10 Things I Wish I Knew When I Was In My 30's
Lately I've been thinking about how wise I've become.
If you haven't snort laughed yet, you should. I would never have referred to myself as the wise type.
But, now that I'm in my 50's (God, how old that sounds), I am a whole lot wiser than I was in my 30's and 40's.
Here's a list of the 10 things I now know in my 50's that I wish I could tell my 30 year old self:
1. Hold your kids all the time when they're babies.
Snuggle with them and hold them all the time. When my kids were babies, I would bemoan the fact that I had to constantly hold them or they'd cry. It was hard for someone used to getting a lot done to walk around the house all day, jiggling a baby in her arms or on her shoulder. Once they get to be about 8 years old, all that hugging and snuggling is going to disappear as they become more and more independent. So relish it while you can. And once they're teens, you're lucky to get a grunt as a reply when you say, "Honey, I love you," and the hugs are few and far between, so embrace it while you can.
2. Stop worrying about how the kids are going to turn out, they're going to be fine.
That advice your friend gave you about how the apple doesn't fall far from the tree? It's true. They'll be a lot like you and your husband, so just try and set a good example. Just because you did all those terrible things when you were their age doesn't mean they'll do the same. Just because you didn't raise them perfectly doesn't mean they're not going to turn out to be fully rounded adults. They will, trust in them and in yourself.
3. Don't worry so much about your career.
Figure out what you want to do, do it well and let it fall into place. Put more focus on raising the kids than on your job and things will balance out. Once you have kids, the job will just take off because as a mom, you'll be so laser focused that you won't have time for any nonsense and so will become hyper efficient and productive in order to get home so that you can take care of them. So stop obsessing about your career, it will all work out.
4. Stop worrying about money so much. You'll have enough.
What's the point of juggling working and kids if you're not going to allow yourself to enjoy the rewards of that work? So put in that built-in pool, do the upgrades to the house, fix up the basement in to a playroom, create a home that your family can live happily and comfortably in now. Plus, you'll probably wind up working past retirement anyway, after transitioning into a new career that you'll have more passion for and which you'll be perfectly happy to spend the next 10+ years doing, in order to make sure you have enough money to last until you're 100 which is how long you'll probably wind up living if your parent's and in-laws are any example.
5. Go on more trips! Stop putting it off. Go do stuff.
See places, see things, take family vacations. Take the kids, make them go along with you on adventures. Take a lot of pictures to remind you of what you did together. Once the kids hit teen-dom, they're not going to want to spend as much time with you guys, so take them when they're young.

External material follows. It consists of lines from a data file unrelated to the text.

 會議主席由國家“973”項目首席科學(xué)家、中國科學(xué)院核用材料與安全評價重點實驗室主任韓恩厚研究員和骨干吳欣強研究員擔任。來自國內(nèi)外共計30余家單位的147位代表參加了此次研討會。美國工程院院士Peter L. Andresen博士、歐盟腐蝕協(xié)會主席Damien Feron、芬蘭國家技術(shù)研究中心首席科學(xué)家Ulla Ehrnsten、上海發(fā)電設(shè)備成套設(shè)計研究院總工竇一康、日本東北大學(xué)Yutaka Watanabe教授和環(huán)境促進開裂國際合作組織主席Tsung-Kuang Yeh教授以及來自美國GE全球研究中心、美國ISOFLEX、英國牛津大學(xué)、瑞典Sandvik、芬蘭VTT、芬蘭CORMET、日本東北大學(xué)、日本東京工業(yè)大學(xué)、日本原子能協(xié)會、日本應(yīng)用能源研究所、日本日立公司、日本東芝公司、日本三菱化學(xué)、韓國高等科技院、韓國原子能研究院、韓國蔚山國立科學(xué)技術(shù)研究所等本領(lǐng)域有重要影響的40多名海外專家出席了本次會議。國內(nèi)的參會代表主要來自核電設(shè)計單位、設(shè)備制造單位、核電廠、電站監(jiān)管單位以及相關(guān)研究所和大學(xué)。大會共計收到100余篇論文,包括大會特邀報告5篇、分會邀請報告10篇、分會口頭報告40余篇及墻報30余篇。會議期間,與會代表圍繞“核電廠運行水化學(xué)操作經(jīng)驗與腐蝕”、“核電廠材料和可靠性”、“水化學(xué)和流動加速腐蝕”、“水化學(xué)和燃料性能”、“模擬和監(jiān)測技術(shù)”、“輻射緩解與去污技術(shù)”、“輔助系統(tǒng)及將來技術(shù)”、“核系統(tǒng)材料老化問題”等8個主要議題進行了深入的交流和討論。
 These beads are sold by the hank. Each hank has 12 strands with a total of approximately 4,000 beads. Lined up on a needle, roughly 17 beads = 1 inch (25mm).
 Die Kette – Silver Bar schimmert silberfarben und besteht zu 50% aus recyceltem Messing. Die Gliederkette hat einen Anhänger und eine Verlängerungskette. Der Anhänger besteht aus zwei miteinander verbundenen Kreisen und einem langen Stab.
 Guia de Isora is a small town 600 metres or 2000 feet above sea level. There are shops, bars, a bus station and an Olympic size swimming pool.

6. Stop obsessing about your weight.
Just eat relatively healthily and find clothes that suit you and showcase your body as it is, not as it will be when you lose those 5 pounds you're always talking about. Nobody else cares, no one else thinks you need to lose weight but you, because they're all so obsessed with their own weight that they don't really notice yours. This is just how women are.

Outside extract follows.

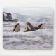 Four orcas spyhopping around a seal on an ice floe in Antarctica.
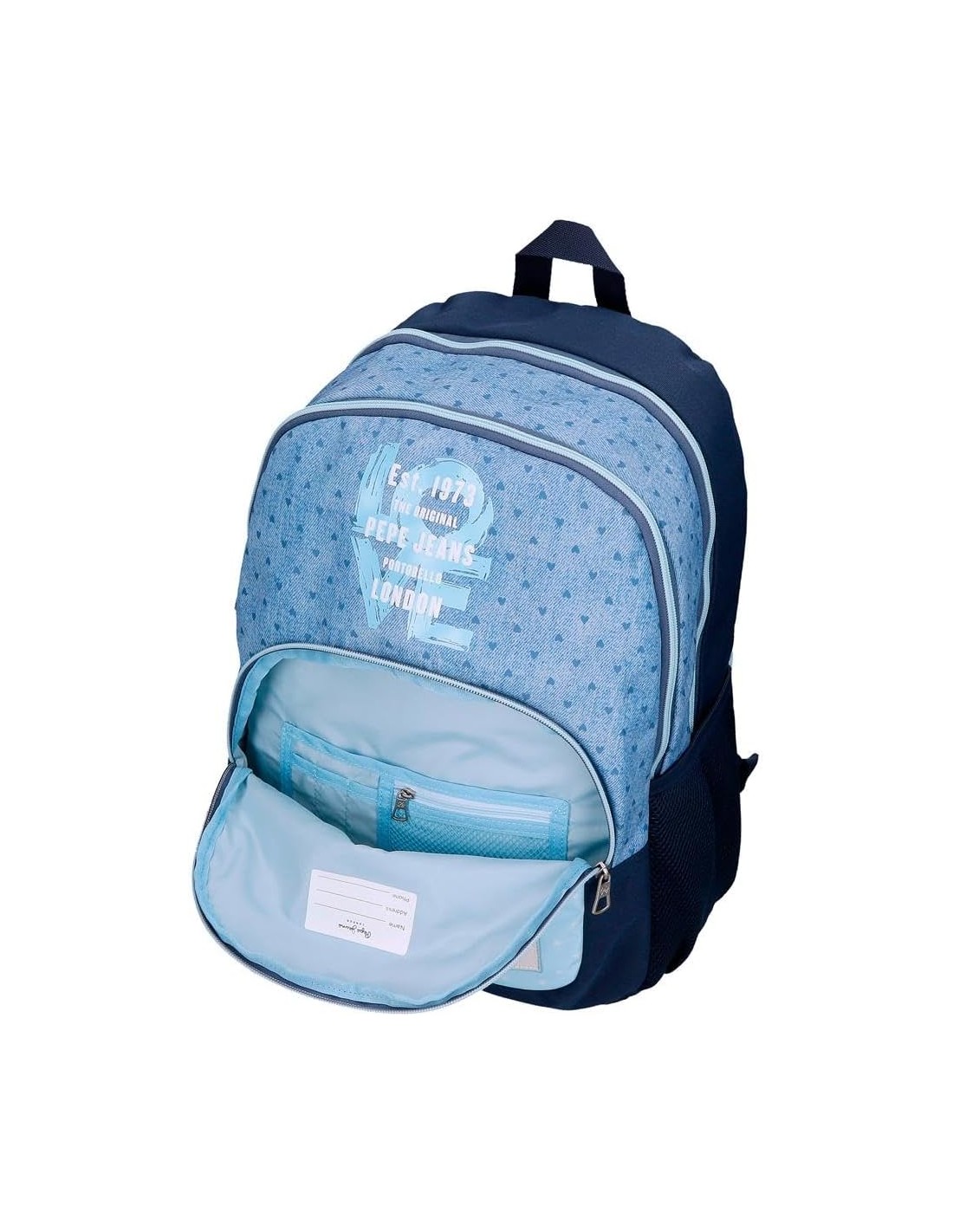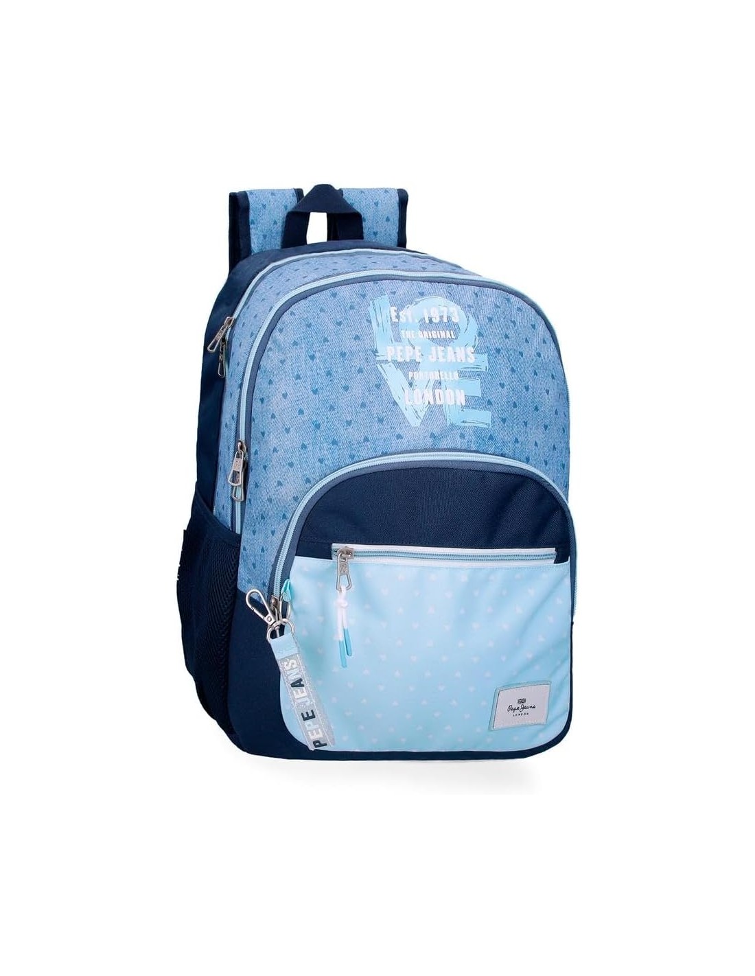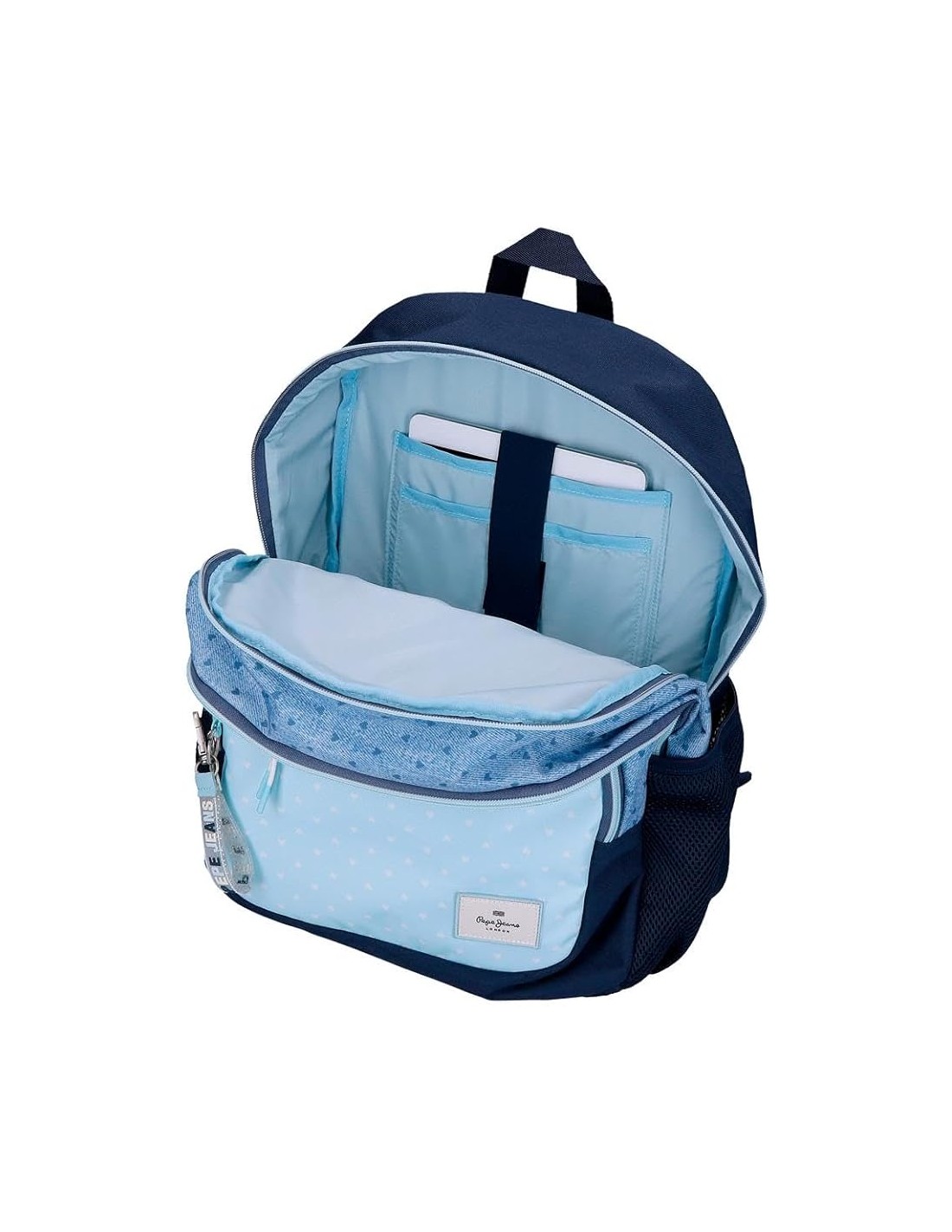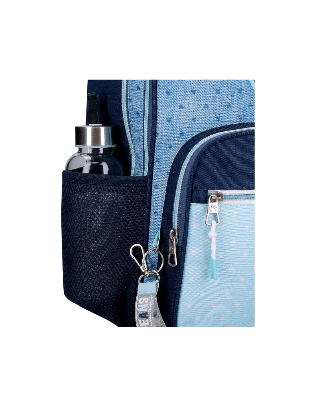 Dos bolsillos frontales de diferentes tamaños y dos bolsillos laterales de red para guardar los pequeños accesorios y el almuerzo.

7. Spend a lot of time with your girlfriends.
And keep adding new ones into the mix at every new job, or at every new event in your life. Your women friends will always be there to listen and help you figure out whatever new issue you're facing and will always tell you the truth (gently but firmly) when you need to hear it.

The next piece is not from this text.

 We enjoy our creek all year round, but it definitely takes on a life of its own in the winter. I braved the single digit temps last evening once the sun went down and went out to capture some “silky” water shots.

8. Find a good therapist early on, to help you work out all the crap you're carrying around with you from childhood.
Find a good one and work on that shit! Believe me, that stuff is important, so deal with it, cry a lot, get it out of your system and move on. Don't carry it around with you or you'll wind up foisting it on your own kids, and they'll end up repeating all the stupid things you did when you were in your 20's and 30's.
9. The whole college process? It's not really as horrible as you thought it would be.
Let your kids take the lead. They'll figure it out, that's part of what the whole process is about. Remind them about key milestones a few times, but at the end of the day, let them know that this (one of the most important decisions of their lives) must come from them. And yes, it costs a bloody fortune, but somehow or other you'll figure it out; between 529's, savings, loans and just generally planning, you'll wind up figuring out how to pay to get them through college.
10. There will come a day when you will have your independence back again.
The kids will eventually become potty trained, get on a sleep schedule, learn to tie their own shoes, learn to read and go to school by themselves. And then all of a sudden, they'll be in high school which will fly by (just like all those other moms told you) and then they'll be ready for college and you'll have a lot of time on your hands.
And then you'll be able to go on all those trips you wanted, and go out to dinner whenever you want and get all those massages. But you'll miss those kids terribly, so enjoy them fully while they're still here.
What about you? What are the 10 things you wish you could tell your younger self?